Tuesday, June 18, 2024

the last book I ever read (The Kingdom, the Power, and the Glory: American Evangelicals in an Age of Extremism by Tim Alberta, excerpt six)

from The Kingdom, the Power, and the Glory: American Evangelicals in an Age of Extremism by Tim Alberta:

Might Jeffress at least entertain other explanations? Was there no truth to the idea that evangelicals had taken their eye off the ball? Could he not see how the fixation on this world had created a barrier to entry for those seeking knowledge about the next? Jeffress shook his head. Most of the work he does, he insisted, has nothing to do with societal skirmishes or upcoming elections or anything else found outside the Bible. He said the caricature of him doesn’t align with reality.
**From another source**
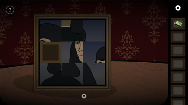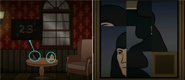 来到窗边拿走茶几上的玻璃杯和威士忌酒瓶,然后点击旁边的相框完成上面的拼图,接着再观察人物嘴中的提示(符号对应的数字:<l>2 Ψ3)。
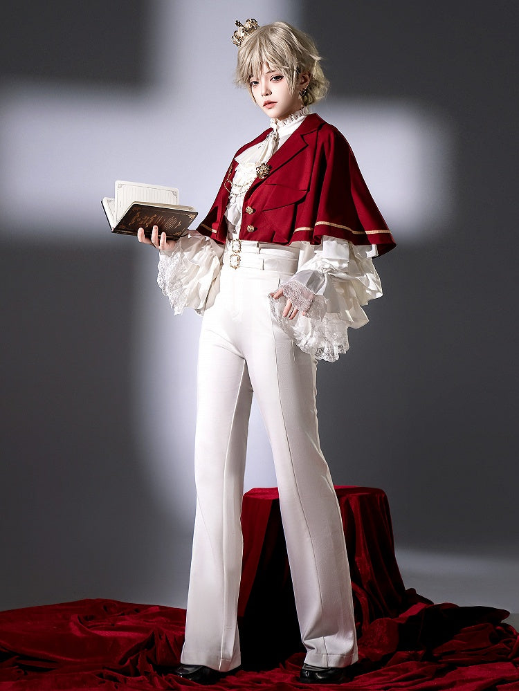 Lolita Weiß Ouji Zwei Gürtel mit Hosen Mode Hohe Taille

Glancing to my right, his left, I took note of the irony. The corner of Jeffress’s office was a shrine—his secretary used that specific word to describe it—to President Donald J. Trump. There was an eight-foot-tall poster memorializing the “Celebrate Freedom” concert in D.C. (the one where the choir sang “Make America Great Again”). There were boxes of Trump cuff links and a golden Trump commemorative coin. There were dozens—dozens—of framed photos of Jeffress and Trump: praying over him, talking with him, shaking hands with him, giving thumbs-up with him, walking alongside him, speaking in front of him, standing dutifully behind him. (There were also a few photos of Jeffress with Mike Pence, and one, seemingly misplaced, of him with right-wing pundit Ann Coulter.) In the sweep of my reporting on the former president and his many sycophants, I had never seen such a temple to Trumpism. Anything that carried the man’s distinctive Shapie signature was framed: news articles, White House proclamations, email correspondences, even printed-out tweets.